In this case, we share our experience where nerve monitoring was used and we believe might have induced nerve fatigability/paresis with higher stimulation current and frequency, seen in a young patient managed for thyroid malignancy in a tertiary care center in Riyadh, Saudi Arabia.

Initial presentation

A 30-year-old Arab male presented to our endocrine surgery clinic complaining of neck swelling for more than 2 years. He noted that the swelling was mainly on the left side, but he never sought medical attention as he was never symptomatic before. He was only investigated after he noted that the swelling had become more progressive in size. He denied having any voice changes, difficulty or pain during swallowing or choking, difficulty sleeping, or any compressive symptoms. He also denied having any generalized constitutional symptoms. He had no history of previous radiation exposure, upper airway or neck surgery or medications, any thyroid or endocrine diseases or any hormonal imbalance, or any previous malignancy. His social history was significant for smoking for more than 8 years. His family history was significant as he had two siblings complaining of thyroid-related issues (his parents have no consanguinity). He had done thyroid laboratory testing and thyroid ultrasound (US) outside. His laboratory blood tests showed thyroid stimulating hormone (TSH) of 1.43 mIU/L (reference range 0.35–4.94 mIU/L), free triiodothyronine (T3) of 2.79 pg/dL (reference range 1.58–3.91 pg/dL), and free thyroxine (T4) of 1.10 ng/dL (reference range 0.7–1.48 ng/dL). The thyroid US report showed that the right thyroid was of normal size, with a homogeneous echo pattern with no discrete nodules evident. The left thyroid gland was of large size and heterogeneous echogenicity, containing multiple complex nodules and internal calcification, the largest measuring 39.33 mm × 21.93 mm. The gland showed internal hypervascularity under Doppler, and showed a large complex cyst that was rounded and oval with a smooth margin that contained a low level of echogenicity that might be hemorrhagic, measuring 43.40  mm × 25.7 mm × 34.79 mm. Neck computed tomography (CT) with intravenous contrast was done to rule out retrosternal extension, which showed an enlarged left thyroid lobe with the presence of a complex thyroid nodule measuring 9 cm × 5 cm, with central calcification. The cranial cystic component reached up to the level of carotid bifurcation, the trachea was mildly compressed and deviated to the right side, and there was retrosternal extension of the left lobe by 1.3 cm. Other findings were unremarkable. The patient was admitted electively for surgery, undergoing total thyroidectomy with central neck dissection.
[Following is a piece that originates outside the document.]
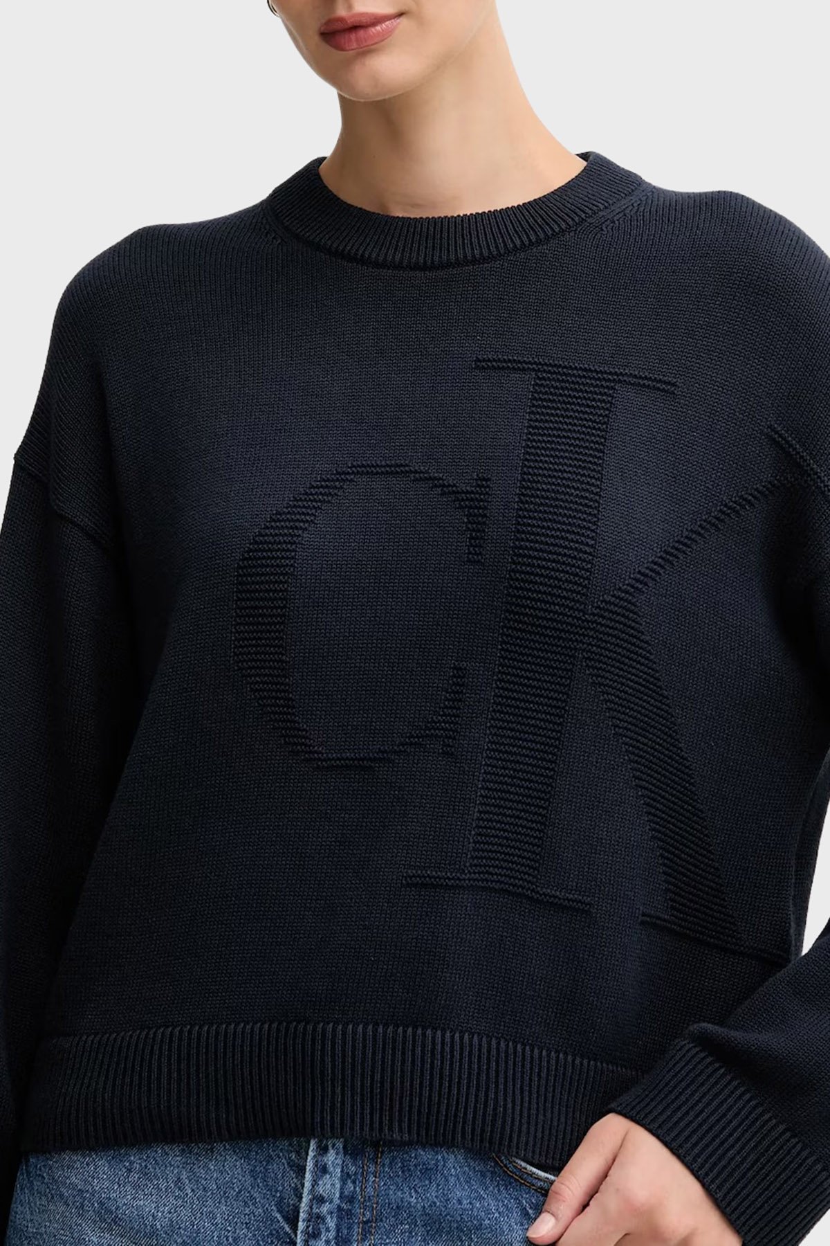 Logolu Pamuklu Relaxed Fit Bisiklet Yaka Örme LV047D304GCEF Bayan Kazak LV047D304G CEF LACİVERT

Intraoperative observations

The patient underwent total thyroidectomy and central neck dissection. Intraoperatively, we proceeded as per the standard surgical approach. A specialized neuromonitoring tube was inserted under direct vision with the guidance of a Glidescope. Clear instructions were to avoid any long-acting muscle relaxant agents. The patient was successfully intubated, and the tube was precisely placed between the vocal cords. The electrophysiology of the nerve monitoring was to stimulate the nerve by a standard current through an electrical probe that was transmitted after the contraction of the vocal muscles, which was stimulated by the electrodes placed on the endotracheal tube, and these contractions were reflected in the form of an electromyographic (EMG) wave.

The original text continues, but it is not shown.